**Problem**
When you reach the line containing "['ABC', 'support color", begin reproducing the material exactly, stop after the line containing "In fact it's", and leave out any pictures along the way.
:: Available data ::
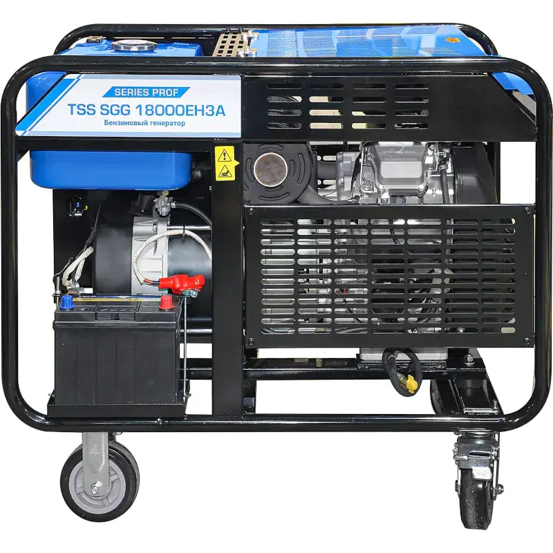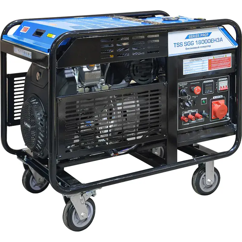 Генератор ТСС SGG 18000EH3A оборудован колесами для удобства перемещения. Прочная стальная рама защищает двигатель от механических внешних воздействий. Электрическая розетка снабжена крышкой, предохраняющей от влаги и пыли. Специально предусмотренные выходы на лицевой панели позволяют подключить блок ввода резерва для автоматического включения генератора при отсутствии напряжения в сети.
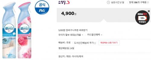 페브리즈 에어 2개 4900원입니다 (무료배송)
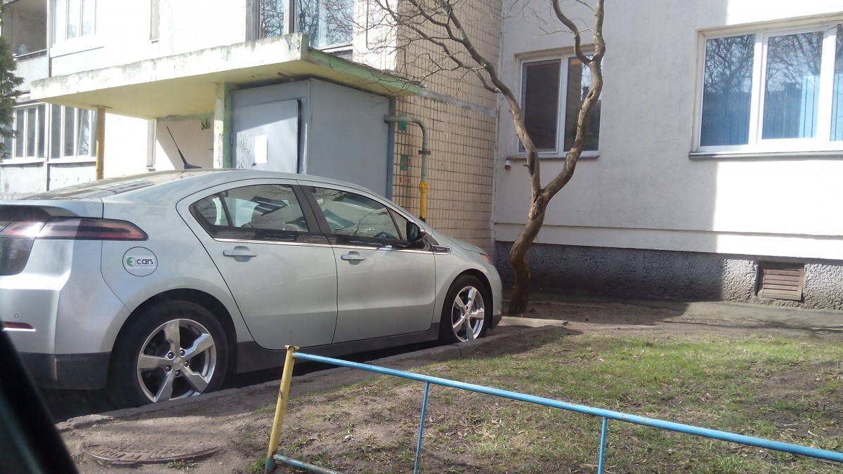 Под окном первого этажа выведена розетка. Сегодня эта тесла не "заправляется", либо уже зарядилась
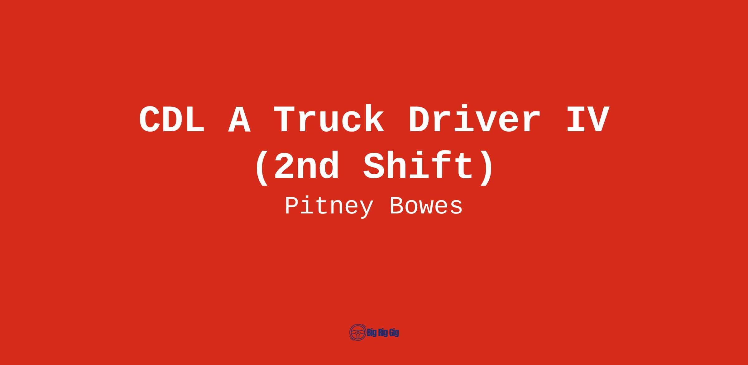 Pitney Bowes is hiring for a CDL A Truck Driver IV for our Aurora, IL facility.
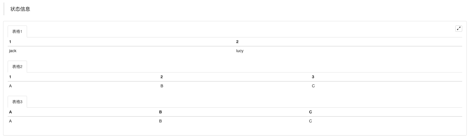var table2 = {type: 'table', title: 'table2', cols: ['列1', '列2'], rows: [ ['abc', 'def'], ['ABC', 'support color #ff0000']]}
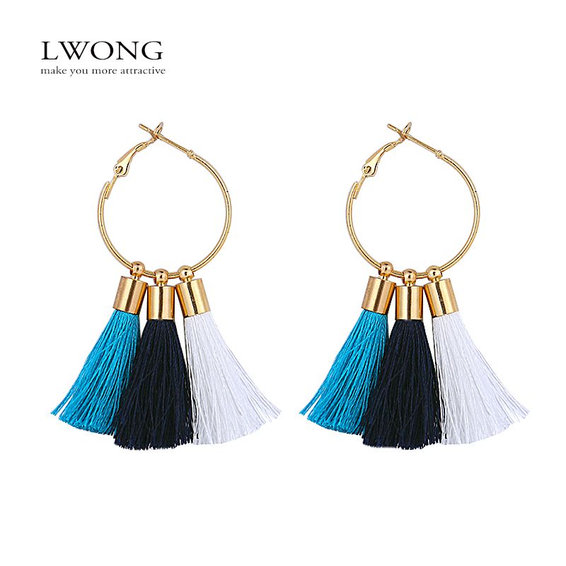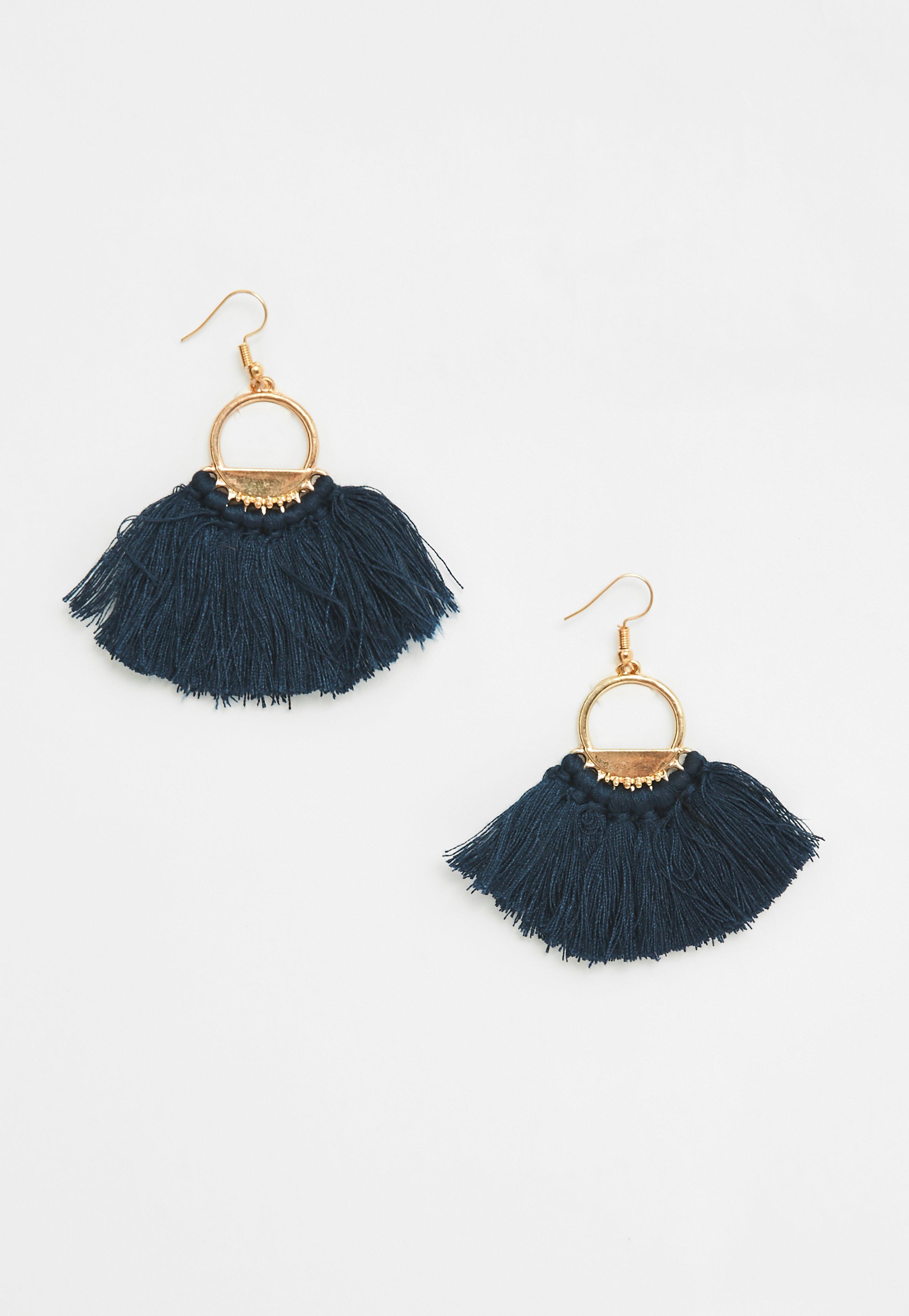 Blue Threaded Tassel Hoop Earrings Handpicked
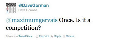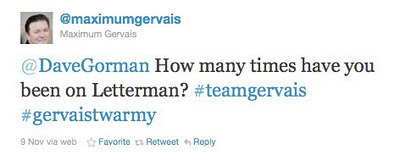 In fact it's exactly the sort of thing a Ricky Gervais superfan would tweet. Except that MaximumGervais replied saying:
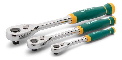 Jogo de Catracas com Cabo 1/2" 1/4" 3/8” 72 dentes 3 peças SATA - ST14901G Sobre o produto: O Jogo de Catracas com Cabo 1/2" 1/4" 3/8” 72 dentes 3 peças SATA - ST14901G conta com as principais medidas de catracas, sendo essencial para profissionais, oficinas mecânicas e industriais que buscam agilidade e ergonomia, e não abrem mão da durabilidade e resistência. As catracas possuem 72 dentes que oferecem a vantagem de apertar/soltar o parafuso ou porca com apenas 5 graus de área livre, sem ser necessário a retirada da chave cada vez que houver um obstáculo durante a operação. Aliado ao seu Design Slim, se tornam ferramentas indispensáveis para oficinas que realizam manutenções em locais de difícil acesso. Fabricadas em Cr-V, as Catracas SATA são resistentes, duráveis e ideais para uso intenso. Seu acabamento cromado previne ferrugem, unindo funcionalidade e elegância. Benefícios e Características: Durabilidade e Resistência: Liga de aço cromo vanádio (Cr-V) para resistência e durabilidade excepcionais. Acabamento cromado e totalmente polido facilitando a limpeza de resíduos e promovendo resistência à corrosões. Cabo resistente a óleo e solvente que proporciona maior vida útil da ferramenta. Produtividade e Agilidade: Alavanca reversível embutida, permitindo a alteração do sentido de aperto sem a necessidade de remover a chave. Sistema Quick-Release com botão de liberação rápida para fácil remoção e troca do soquete. Acessibilidade: Possui 72 dentes e precisa de apenas um giro de 5° para girar um fixador, sendo ideal para espaços estreitos. Design Slim que permite o melhor acesso em espaços apertados. Ergonomia: Cabo com material duplo para uma pegada mais confortável e ergonômica. Garantia: Garantia Vitalícia SATA* contra defeitos de fabricação. Itens Inclusos: 1- Jogo de Catracas com Cabo 1/2" 1/4" 3/8” 72 dentes 3 peças SATA - ST14901G Contendo: 1- Catraca com cabo 3/8" 72 dentes SATA - ST12971G 1- Catraca com cabo 1/4" 72 dentes SATA - ST11971G 1- Catraca com cabo 1/2" 72 dentes SATA - ST13971G
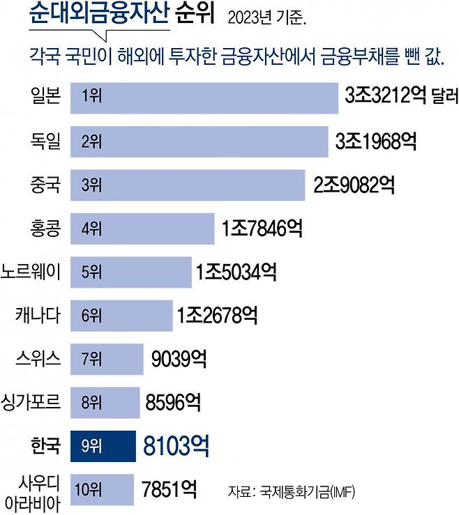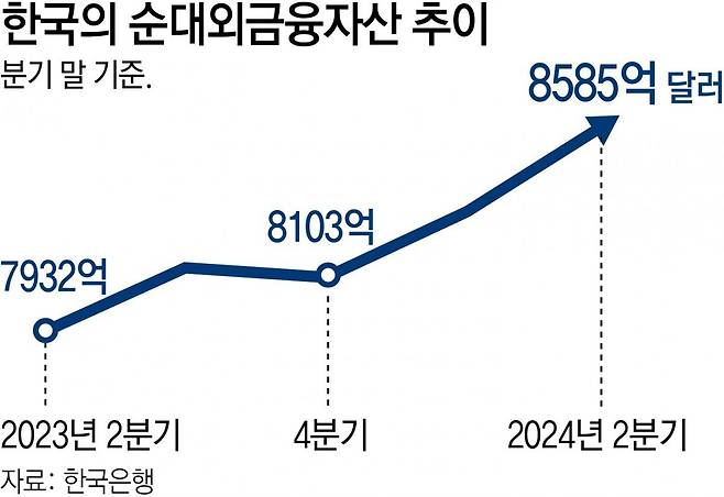 순대외금융자산이 ‘플러스(+)’를 기록한 것은 외국인이 우리나라에 투자한 금융자산보다 국내 개인 및 기관 투자가가 해외에 투자한 금액이 많다는 의미다. 2014년 809억 달러로 처음으로 플러스를 기록한 순대외금융자산은 10년 만에 10배 이상으로 증가했다. 국제통화기금(IMF)에 따르면 지난해 기준 한국의 순대외금융자산 규모는 세계 9위였다.
:::
**Result for this task**
var table2 = {type: 'table', title: 'table2', cols: ['列1', '列2'], rows: [ ['abc', 'def'], ['ABC', 'support color #ff0000']]}
 Blue Threaded Tassel Hoop Earrings Handpicked
 In fact it's exactly the sort of thing a Ricky Gervais superfan would tweet. Except that MaximumGervais replied saying:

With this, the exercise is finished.